The DMV Is Selling Your Personal Info to Private Investigators

And thousands of other businesses, too. Here's why it's legal.

Driver's license
The DMV in your state might sell your info to investigators or credit companies
iStock / Getty Images Plus
By Kirk Miller / September 9, 2019 11:09 am

Another reason to hate the DMV: It’s selling your data to private investigators, according to a new expose by Vice’s tech site Motherboard.

As the report notes, the Department of Motor Vehicles makes “tens of millions of dollars a year” selling drivers’ personal information to insurance and towing companies, credit reporters like Experian and also investigators, some of whom explicitly advertise that they will use the information to surveil spouses.

The cost to obtain such info? As little as $0.01 per record.

While several DMVs contacted denied the practice, public records and research by Motherboard (which obtained a printed list of agreements by private investigators with the Virginia DMV) prove that some states very willingly share personal data — which is actually legal, even under the restrictions of the 1994 Driver’s Privacy Protection Act (DPPA). “Ironically, personal data [under the Act] is still available to licensed private investigators,” as the Electronic Privacy Information Center notes, and laws and permits for becoming a private investigator vary widely by state.

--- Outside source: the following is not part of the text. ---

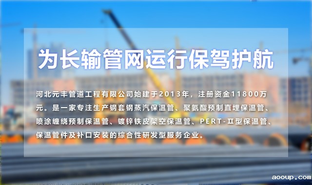 kaiyun官方体育登录入口始建于2013年,注册资金11800万元。是一家专注生产钢套钢蒸汽保温管、聚氨酯预制直埋保温管、喷涂缠绕预制保温管、镀锌铁皮kaiyun体育平台、PERT-Ⅱ型保温管、保温管件及补口安装的综合性研发型服务企业。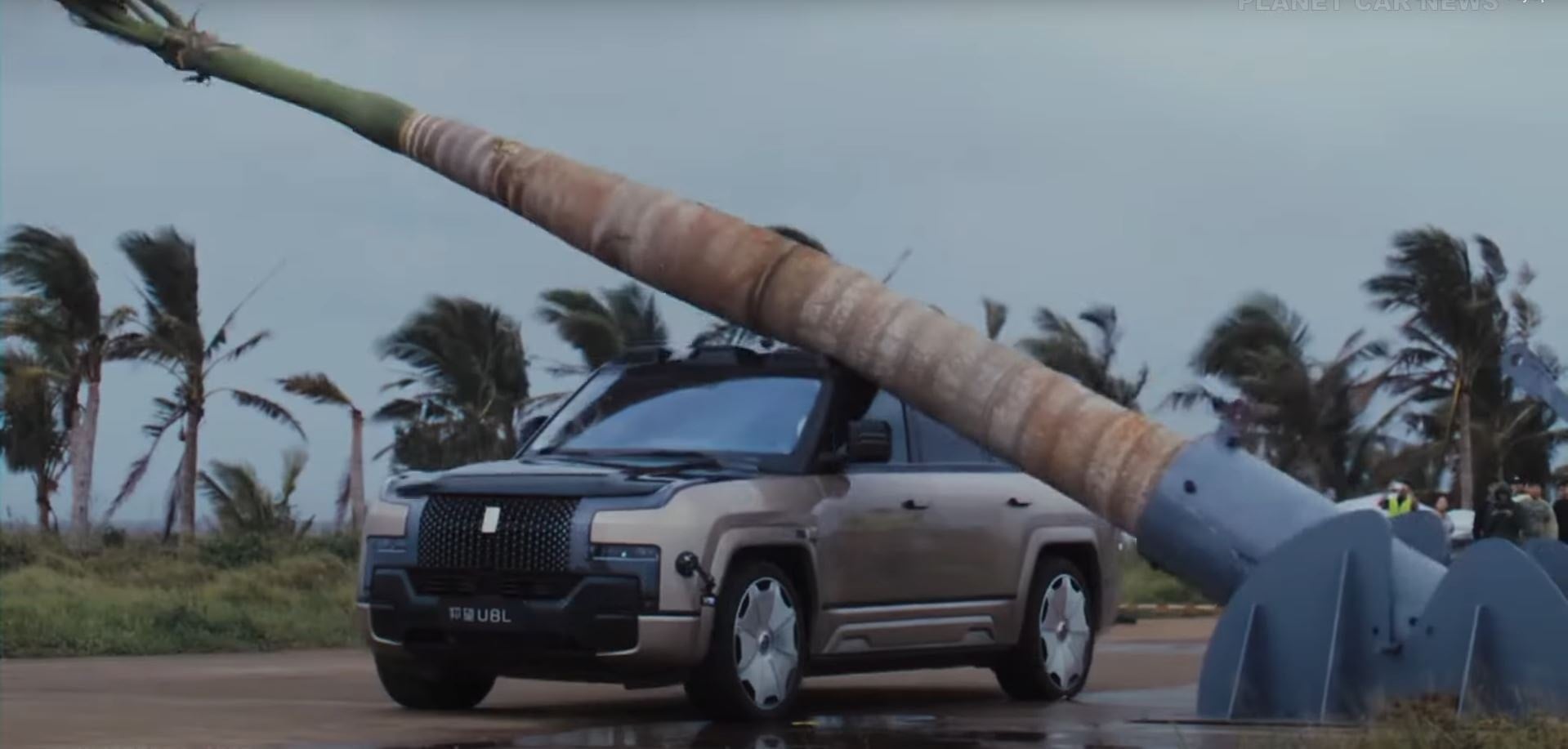 Çinli otomobil üreticisi BYD, üst segment SUV modeli Yangwang U8L’nin dayanıklılığını sergilemek için dikkat çekici bir test gerçekleştirdi. Şirket, yaklaşık 2 ton ağırlığındaki bir palmiye ağacını aracın üzerine üç kez bırakarak gövde dayanımını ölçtü.

As Erica Olsen, director of Safety Net at the National Network to End Domestic Violence, told Vice: “The selling of personally identifying information to third parties is broadly a privacy issue for all and specifically a safety issue for survivors of abuse, including domestic violence, sexual assault, stalking and trafficking.”

The data sold could include your name, address, zip code, date of birth, phone number and email address. Among the states which Motherboard identified as being complicit in sharing information: Virginia, New Jersey, Delaware and Wisconsin.

Solution? As Senator Ron Wyden (D-OR) suggests, it’ll take government action. “Congress should take a close look at the Driver’s Privacy Protection Act, and, if necessary, close loopholes that are being abused to spy on Americans,” he tells Vice.